─── Source data ───
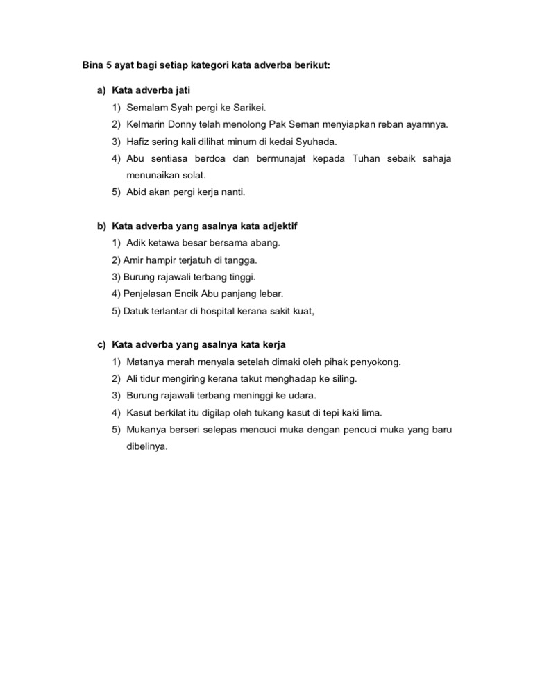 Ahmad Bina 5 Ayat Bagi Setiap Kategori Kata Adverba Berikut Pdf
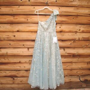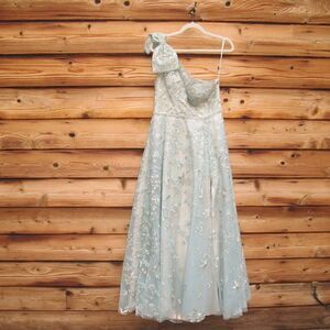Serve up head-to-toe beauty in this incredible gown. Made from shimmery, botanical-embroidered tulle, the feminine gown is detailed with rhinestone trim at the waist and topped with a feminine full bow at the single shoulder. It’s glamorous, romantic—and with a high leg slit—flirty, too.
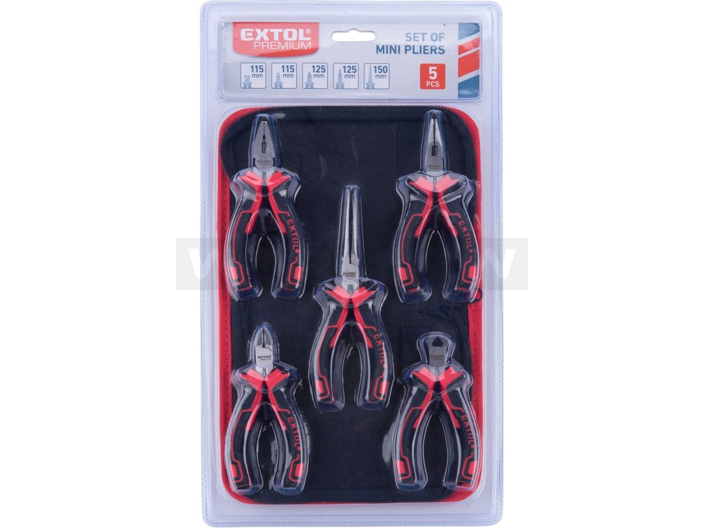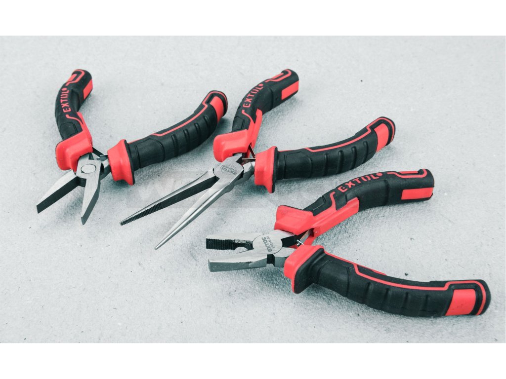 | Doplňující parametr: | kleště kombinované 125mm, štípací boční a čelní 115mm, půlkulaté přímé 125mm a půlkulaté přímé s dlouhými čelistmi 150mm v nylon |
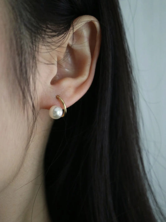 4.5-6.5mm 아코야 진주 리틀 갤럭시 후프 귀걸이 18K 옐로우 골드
───
(What to do):
Word-for-word repeat, images excluded: return all the data.

(Result of this exercise):
 Ahmad Bina 5 Ayat Bagi Setiap Kategori Kata Adverba Berikut Pdf
Serve up head-to-toe beauty in this incredible gown. Made from shimmery, botanical-embroidered tulle, the feminine gown is detailed with rhinestone trim at the waist and topped with a feminine full bow at the single shoulder. It’s glamorous, romantic—and with a high leg slit—flirty, too.
 | Doplňující parametr: | kleště kombinované 125mm, štípací boční a čelní 115mm, půlkulaté přímé 125mm a půlkulaté přímé s dlouhými čelistmi 150mm v nylon |
 4.5-6.5mm 아코야 진주 리틀 갤럭시 후프 귀걸이 18K 옐로우 골드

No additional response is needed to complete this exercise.